Akıllı deterjan yönetimi: i-Dos ile her yıkamada doğru ölçü 

Makineyi tamamen doldurunca veya tek parça kıyafeti makineye attığınızda ne kadar deterjan koyacağınızı bilemiyor olabilirsiniz. İşte tam bu noktada i-Dos Deterjan Tarama teknolojisi devreye giriyor. Siemens Home Connect üzerinden şişelerin barkodunu okutup su sertliği ve deterjan yoğunluğunu makineye iletiyor, i-Dos ise her yıkamada doğru miktarı otomatik olarak ayarlıyor. Üstelik Siemens Home Connect uygulaması, deterjan seviyesini takip ederek deterjanınız tükenmeden önce size haber veriyor. Tek yapmanız gereken uygulamayı telefonunuza yüklemek ve çamaşır makinenizi uygulamaya bağlamak. 

stainRemoval teknolojisi: Zorlu lekelerle inatlaşmayı unutun 

Çay, yağ, makyaj, çikolata lekeleri… Gün içinde fark etmeden üzerinize bulaşan lekeler artık kâbus olmaktan çıkıyor. Siemens iQ500 çamaşır makinesi ile stainRemoval teknolojisi devreye giriyor. Tek bir dokunuşla çay, yağ, kozmetik veya günlük hayatta karşılaştığınız diğer zor lekeler için özel programları aktif edebilirsiniz. 
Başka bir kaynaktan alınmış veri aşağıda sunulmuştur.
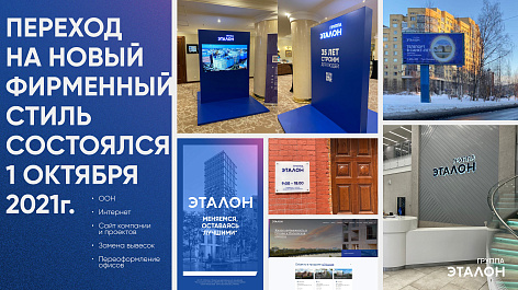 В 2020м году была сформирована пятилетняя стратегия развития Группы, определившая ключевые векторы: федеральная экспансия, эффективность, сервисный подход и инновации. И уже в 2021 году стало очевидно, что стилистика визуальных атрибутов Группы требует обновлений. Сохраняя преемственность в цветовом коде и нейминге – символ надежности и традиций, значимых для компании, новый фирменный стиль осовременил и освежил ее визуальный имидж. Нам хотелось, чтобы обновленная версия логотипа отразила ценности компании — устойчивость и надежность, инновационность и эффективность. Дизайнеры подхватили эту идею и заключили в лаконичных геометрических формах вектор нашего развития — вперед и вверх! Новый логотип Группы «Эталон» стал гораздо заметнее и эффектнее, а фирменный знак объединил кириллическую «Э» и латинскую «Е» — первую букву имени компании на русском и английском языках. Мы упростили визуальный образ в сторону функциональности, равновесия и баланса. Сочетая минимализм и динамику, логотип отсылает к истокам трафаретных шрифтов индустриальной урбанистической среды и к наследию русского авангарда.

Siemens Home Connect uygulaması sayesinde daha fazla leke türünü ve bunlar için geliştirilmiş özel programları keşfetmek de mümkün. Yani sadece “lekeyi çıkar” demekle kalmıyor, sizin için en doğru yıkama programını da otomatik olarak öneriyor. Böylece hem lekelerle uğraşmak zorunda kalmıyor hem de giysilerinizin ömrünü koruyorsunuz. 

Artık çocuğunuza yemek yedirirken dökülen yemek lekeleri, kahve kazaları ya da mutfakta sıçrayan yağ lekeleri sizi endişelendirmiyor. stainRemoval, günlük hayatın getirdiği küçük sürprizlere karşı en güvenilir yardımcınız oluyor. 

Siemens iQ500 çamaşır ve kurutma makineleri, artık sadece kıyafetlerinizi temizleyen makineler değil; size zaman, konfor ve güven veren akıllı iş ortaklarınızdır. Ütüye harcadığınız vakti kendinize ayırın, lekelerle uğraşmayı unutun ve teknolojinin yaşam alanınıza uyumunun keyfini yaşayın.

*Bu yazı Siemens’in katkılarıyla hazırlanmıştır.